I never properly looked into this, but I've always had the impression that the KeyboardState is much more complicated than it needs to be. If this is the case, then I think such state-memory for clipboard could be added as part of simplifying the KeyboardState. In the past I've done such simplification with a few classes when migrating them to Kotlin.

devycarol commented 2 months ago

I think a step minimum for the numpad toggle would be good, but it looks like a main issue is that in KeyboardActionListener you don't know when the swipe was ended. Is this correct?

Yes.

Helium314 commented 2 months ago

Yes.

Possibly onUpWithDeletePointerActive could be changed to a more generic function like onEndSwipe(keyCode).

But maybe this should be done in a separate PR, when making the key swipe part of the interface more generic. Keeping track of (is-in-swipe) states in KeyboardActionListener at first glance appears to do the trick, but needs to consider that there can be multiple pointer trackers and multiple swipes simultaneously.

devycarol commented 2 months ago

Right. Using the delete slider at the same time as the forward-delete slider is the funnest thing in the world 😅 Coming soon :)

I think you're right about how to migrate that logic. It's something I could do later, unless you really want a step minimum right away. I just haven't had any issues without one, and it'd be one more thing to keep track of in the pointer state that I'd enjoy not worrying about.

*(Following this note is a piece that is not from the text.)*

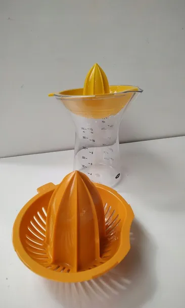 Duża pojemność pojemnika na wyciśnięty sok jest wystarczająca, aby zmieścić porcję świeżo wyciskanego soku zarówno do bezpośredniego wypicia, przygotowania dressingu na bazie soku z cytryny lub dodatku soku do przyrządzenia deseru. Pojemnik na sok jest wyprofilowany, aby zapewnić maksymalnie pewny chwyt podczas wyciskania. Wyprofilowany dzióbek ułatwia przelewanie soku, bez rozlewania i kapania. Miarka na pojemniku odmierza pojemność w mililitrach (ml), uncjach (oz) oraz szklankach (cup). Wymienne nakładki montowane są do pojemnika za pomocą zatrzasków, dzięki którym są stabilnie przymocowane i nie przemieszczają się podczas pracy oraz przelewania soku do końcowego naczynia np. szklanki, miski. Wyciskacz wykonano z materiałów wolnych od BPA. Można myć w zmywarce.

devycarol commented 2 months ago

How would that be done by the way, a JSON property like "horizontalSwipe"? And then it'd override sliding input and app settings? Curious if app settings would even need to change that much.

I also see the possibility of an omnidirectional swipe. I once experimented with that on the trackpad slider and it was mad fun but also mad buggy. Intense zig-zagging, frequent crashes...

That'd require some way of knowing where visual line-breaks are, not just line-ends. I know iOS has a 1:1 thing for moving the cursor in a text box.

Helium314 commented 2 months ago

I think you're right about how to migrate that logic. It's something I could do later, unless you really want a step minimum right away. I just haven't had any issues without one, and it'd be one more thing to keep track of in the pointer state that I'd enjoy not worrying about.

Step minimum is not necessary right now. I think it would be good, but not needed. And implementing it now would mostly be a waste of time. I think I'll open an issue on the adjustments I had in mind for the key swipe interface.

How would that be done by the way, a JSON property like "horizontalSwipe"? And then it'd override sliding input and app settings? Curious if app settings would even need to change that much.

I haven't put much thought here. So far my idea was to add a setting that would switch from popup keys to unexpected keyboard style (with some limitations). Ideally it would also allow for custom (key-independent) actions like in #532 (might be simple by ignoring the key code and only using direction).